* [WORK REQUIRED]: If a picture appears in the records, leave it out and transcribe the rest exactly.

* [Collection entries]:
----

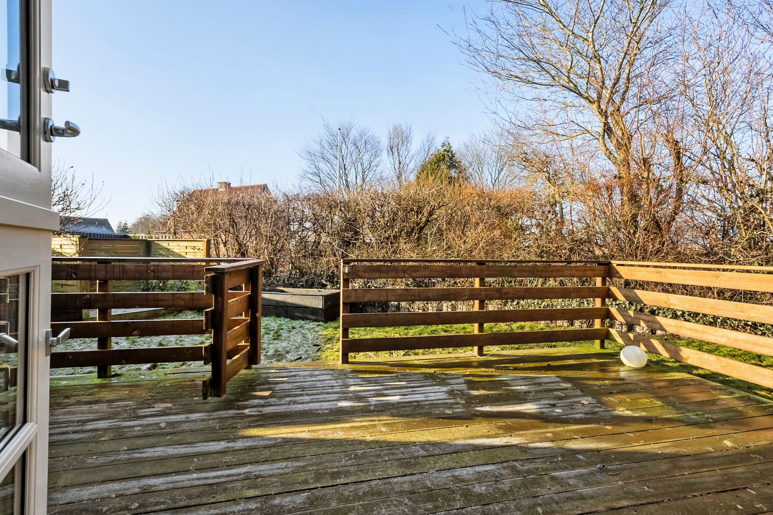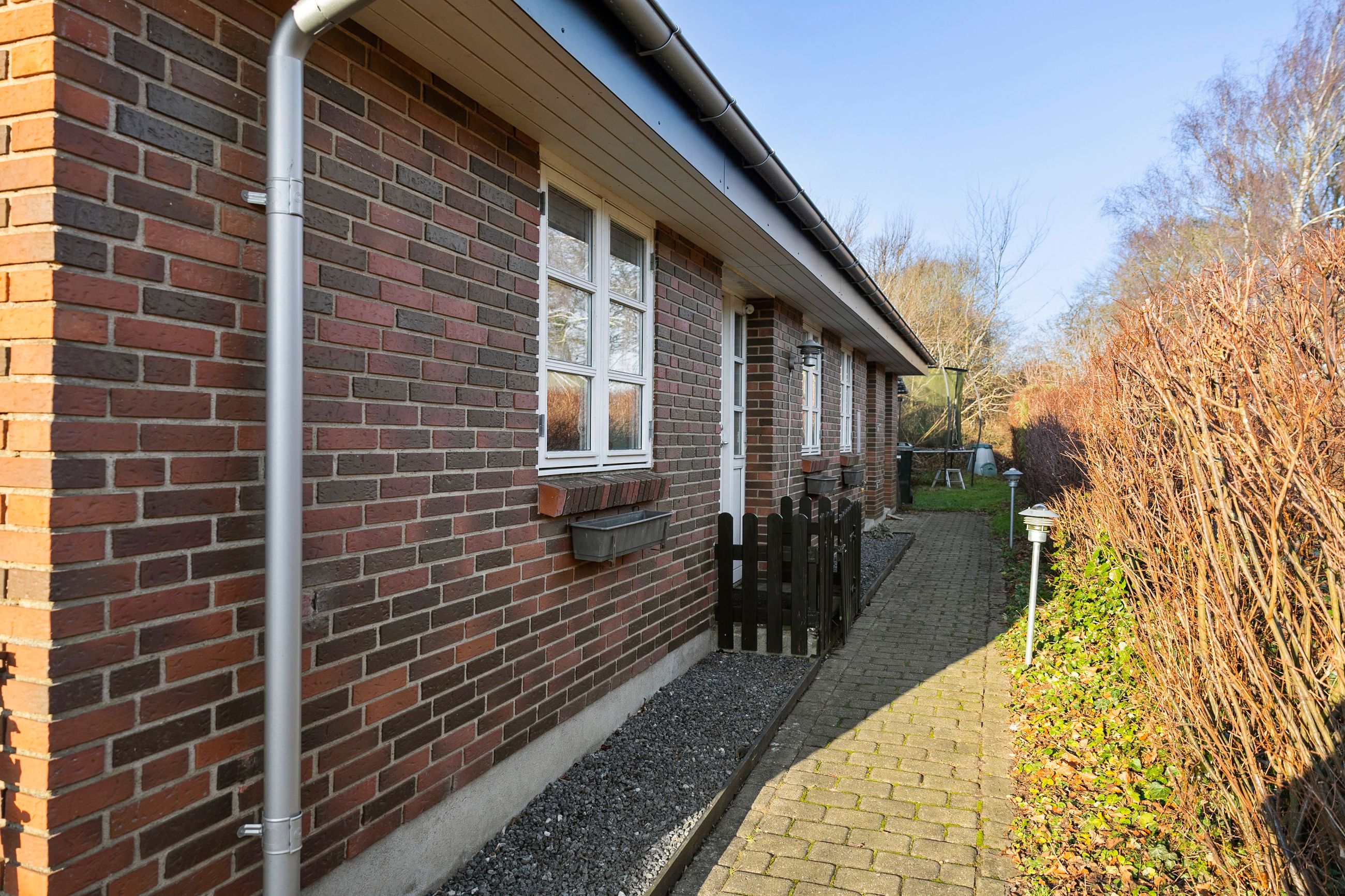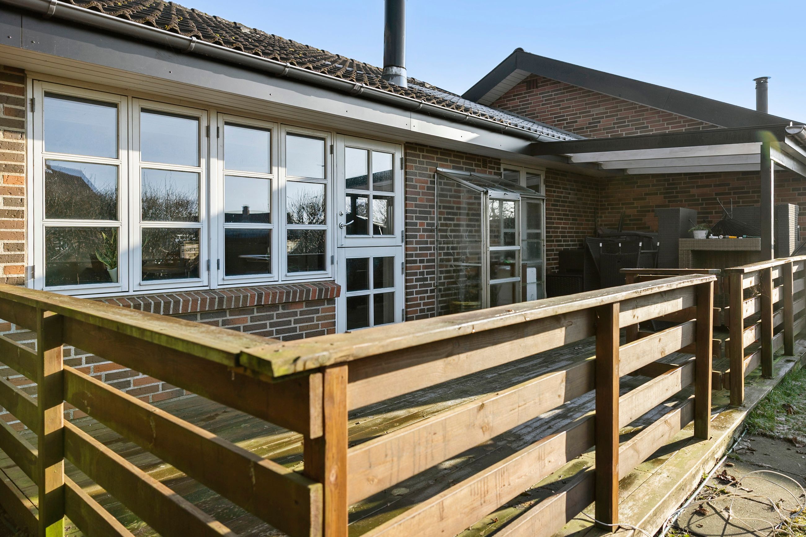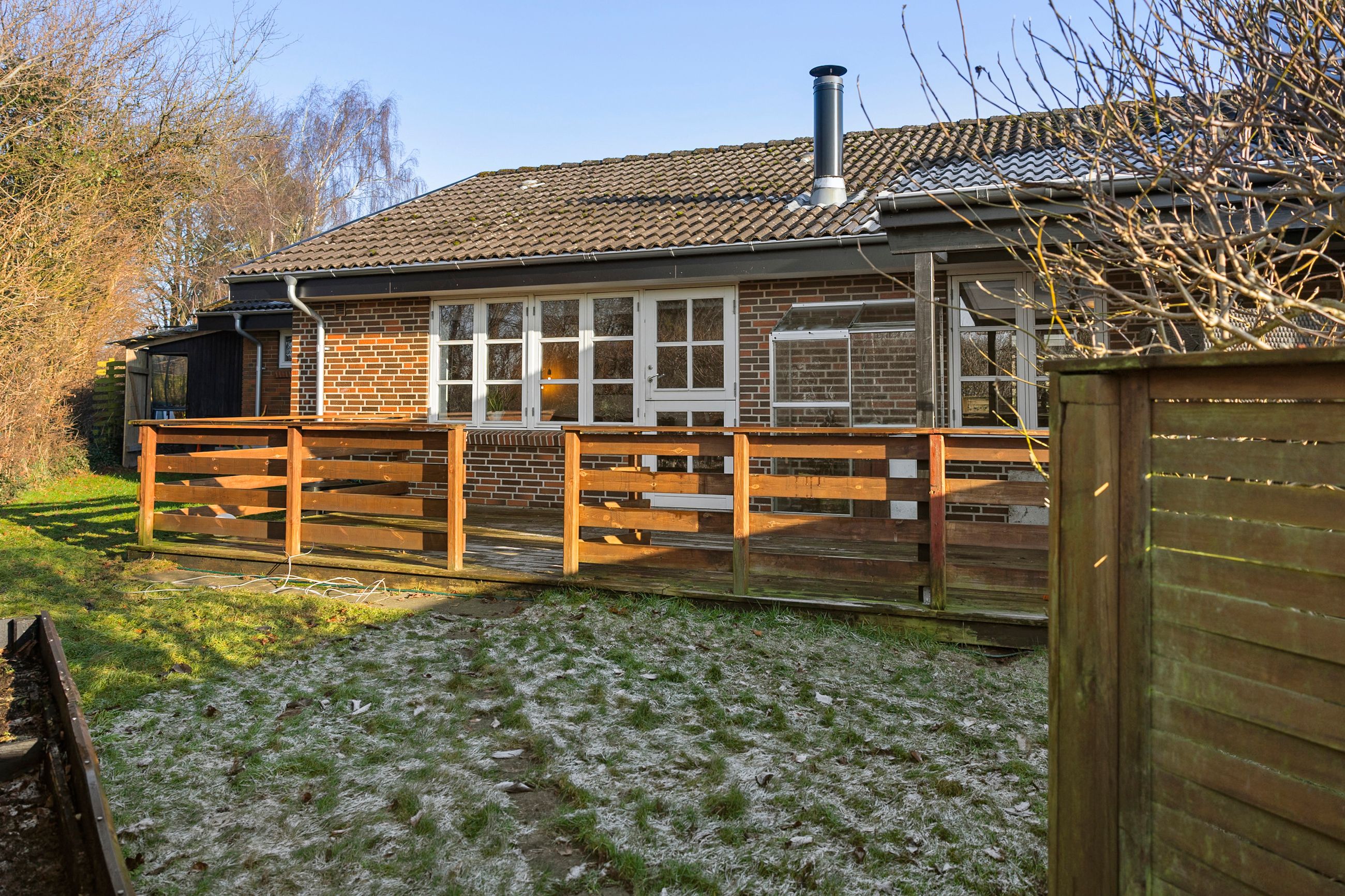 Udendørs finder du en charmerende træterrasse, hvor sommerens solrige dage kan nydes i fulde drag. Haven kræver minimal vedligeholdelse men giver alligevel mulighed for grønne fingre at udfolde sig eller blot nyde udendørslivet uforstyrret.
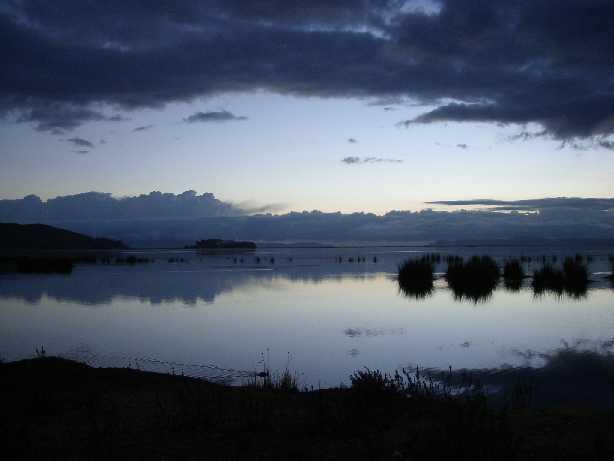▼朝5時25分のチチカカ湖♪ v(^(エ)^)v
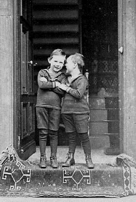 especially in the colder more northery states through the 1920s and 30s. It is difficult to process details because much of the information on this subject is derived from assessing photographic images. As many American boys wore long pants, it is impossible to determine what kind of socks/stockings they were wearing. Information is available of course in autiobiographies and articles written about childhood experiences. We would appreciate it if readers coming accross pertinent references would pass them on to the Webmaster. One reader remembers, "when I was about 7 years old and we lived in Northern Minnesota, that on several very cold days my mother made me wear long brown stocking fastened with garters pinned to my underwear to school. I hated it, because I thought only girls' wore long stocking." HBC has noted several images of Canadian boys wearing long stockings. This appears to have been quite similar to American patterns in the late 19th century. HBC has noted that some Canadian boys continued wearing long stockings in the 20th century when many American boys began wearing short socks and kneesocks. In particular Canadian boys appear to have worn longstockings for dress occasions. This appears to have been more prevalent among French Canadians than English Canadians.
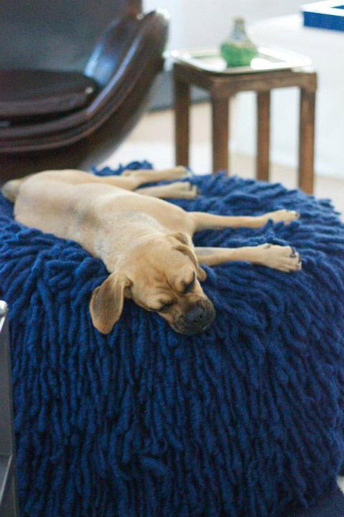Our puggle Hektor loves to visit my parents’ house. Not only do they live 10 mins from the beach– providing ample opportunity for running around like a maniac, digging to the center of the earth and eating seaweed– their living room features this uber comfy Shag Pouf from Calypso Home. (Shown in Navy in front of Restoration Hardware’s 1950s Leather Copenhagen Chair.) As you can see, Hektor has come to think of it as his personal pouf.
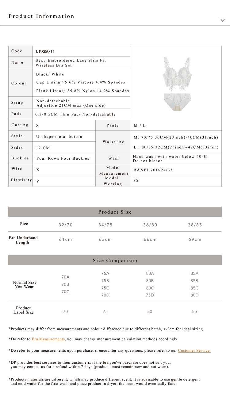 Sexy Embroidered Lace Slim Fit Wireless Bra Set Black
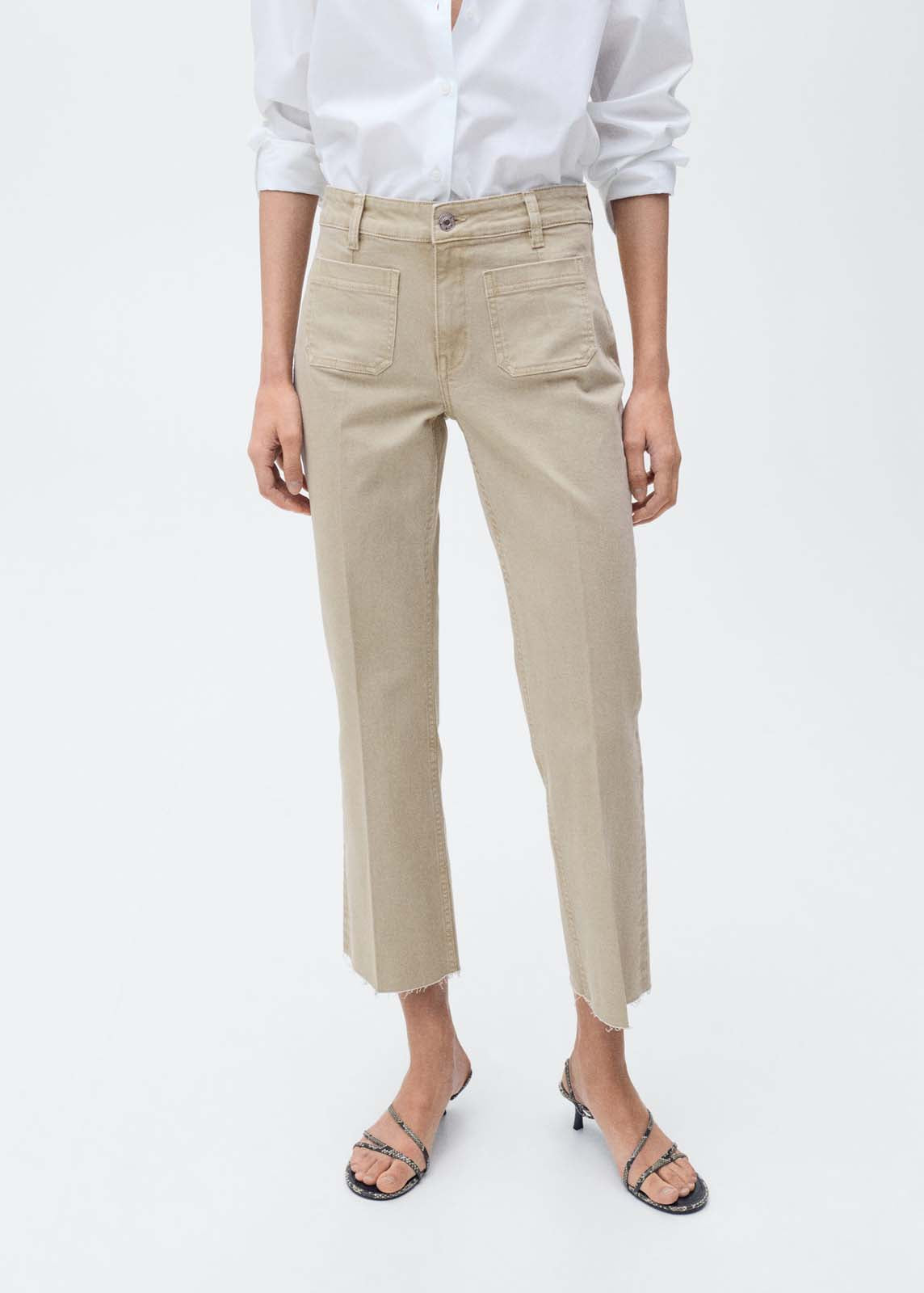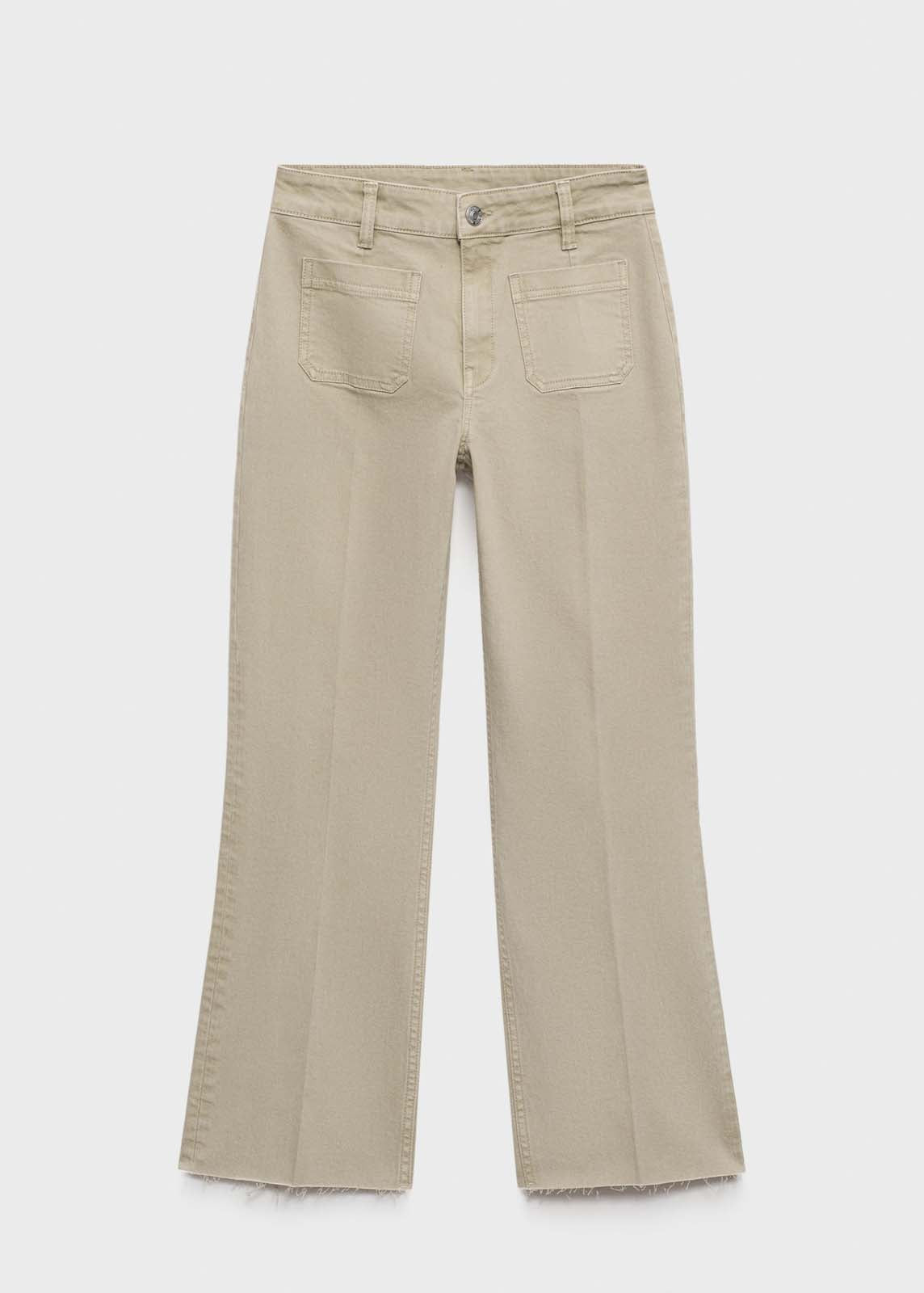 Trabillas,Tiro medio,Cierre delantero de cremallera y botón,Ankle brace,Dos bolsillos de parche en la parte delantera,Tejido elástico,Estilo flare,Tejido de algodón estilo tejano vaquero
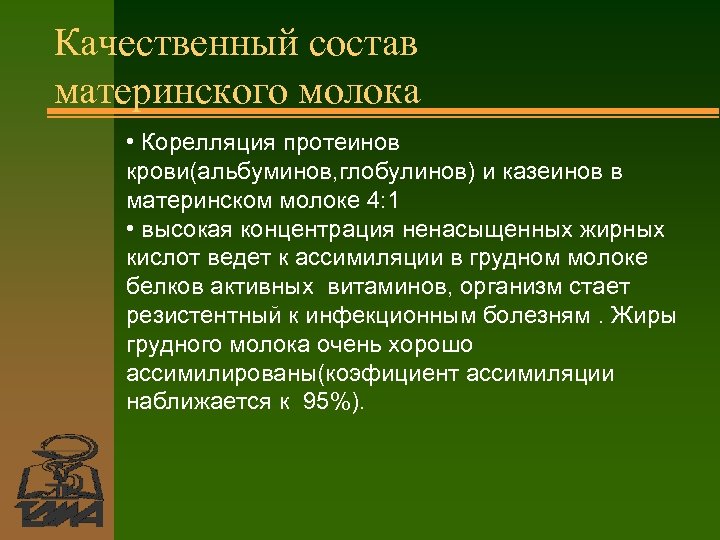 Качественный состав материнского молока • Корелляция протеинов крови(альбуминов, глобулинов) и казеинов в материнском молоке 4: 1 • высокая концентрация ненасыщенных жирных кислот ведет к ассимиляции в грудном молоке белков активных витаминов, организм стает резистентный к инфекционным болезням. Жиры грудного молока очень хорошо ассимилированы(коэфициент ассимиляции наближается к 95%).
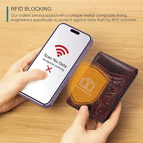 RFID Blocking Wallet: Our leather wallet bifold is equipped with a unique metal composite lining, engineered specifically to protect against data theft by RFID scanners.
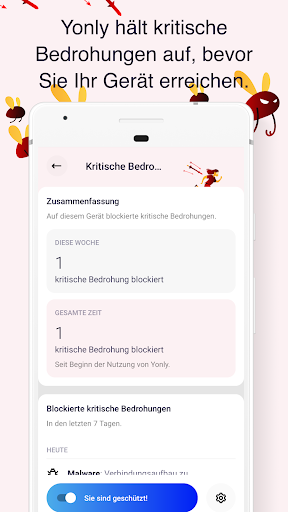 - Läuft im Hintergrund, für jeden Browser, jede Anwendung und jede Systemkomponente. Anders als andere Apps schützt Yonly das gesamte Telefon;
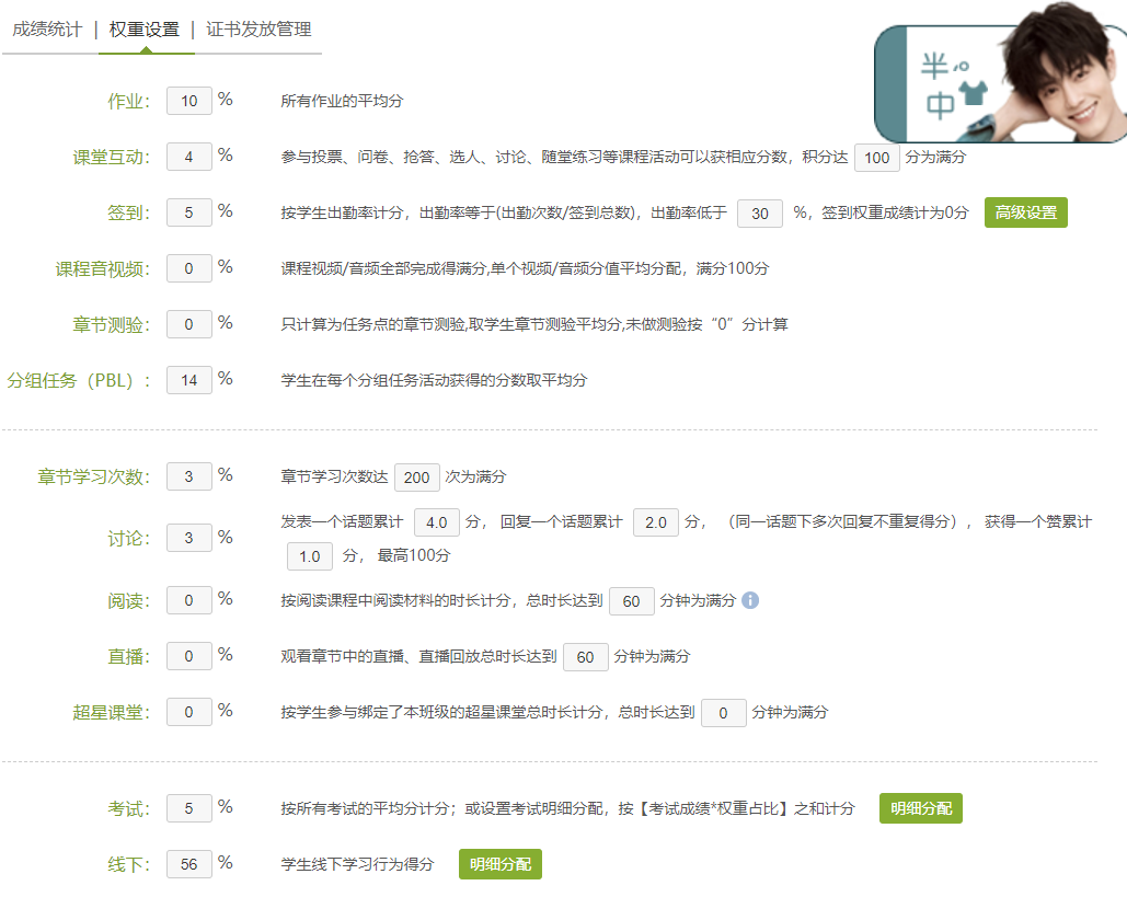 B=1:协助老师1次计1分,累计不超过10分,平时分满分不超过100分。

----

* [EXERCISE ANSWER]:
 Udendørs finder du en charmerende træterrasse, hvor sommerens solrige dage kan nydes i fulde drag. Haven kræver minimal vedligeholdelse men giver alligevel mulighed for grønne fingre at udfolde sig eller blot nyde udendørslivet uforstyrret.
▼朝5時25分のチチカカ湖♪ v(^(エ)^)v
 especially in the colder more northery states through the 1920s and 30s. It is difficult to process details because much of the information on this subject is derived from assessing photographic images. As many American boys wore long pants, it is impossible to determine what kind of socks/stockings they were wearing. Information is available of course in autiobiographies and articles written about childhood experiences. We would appreciate it if readers coming accross pertinent references would pass them on to the Webmaster. One reader remembers, "when I was about 7 years old and we lived in Northern Minnesota, that on several very cold days my mother made me wear long brown stocking fastened with garters pinned to my underwear to school. I hated it, because I thought only girls' wore long stocking." HBC has noted several images of Canadian boys wearing long stockings. This appears to have been quite similar to American patterns in the late 19th century. HBC has noted that some Canadian boys continued wearing long stockings in the 20th century when many American boys began wearing short socks and kneesocks. In particular Canadian boys appear to have worn longstockings for dress occasions. This appears to have been more prevalent among French Canadians than English Canadians.
Our puggle Hektor loves to visit my parents’ house. Not only do they live 10 mins from the beach– providing ample opportunity for running around like a maniac, digging to the center of the earth and eating seaweed– their living room features this uber comfy Shag Pouf from Calypso Home. (Shown in Navy in front of Restoration Hardware’s 1950s Leather Copenhagen Chair.) As you can see, Hektor has come to think of it as his personal pouf.
 Sexy Embroidered Lace Slim Fit Wireless Bra Set Black
 Trabillas,Tiro medio,Cierre delantero de cremallera y botón,Ankle brace,Dos bolsillos de parche en la parte delantera,Tejido elástico,Estilo flare,Tejido de algodón estilo tejano vaquero
 Качественный состав материнского молока • Корелляция протеинов крови(альбуминов, глобулинов) и казеинов в материнском молоке 4: 1 • высокая концентрация ненасыщенных жирных кислот ведет к ассимиляции в грудном молоке белков активных витаминов, организм стает резистентный к инфекционным болезням. Жиры грудного молока очень хорошо ассимилированы(коэфициент ассимиляции наближается к 95%).
 RFID Blocking Wallet: Our leather wallet bifold is equipped with a unique metal composite lining, engineered specifically to protect against data theft by RFID scanners.
 - Läuft im Hintergrund, für jeden Browser, jede Anwendung und jede Systemkomponente. Anders als andere Apps schützt Yonly das gesamte Telefon;
 B=1:协助老师1次计1分,累计不超过10分,平时分满分不超过100分。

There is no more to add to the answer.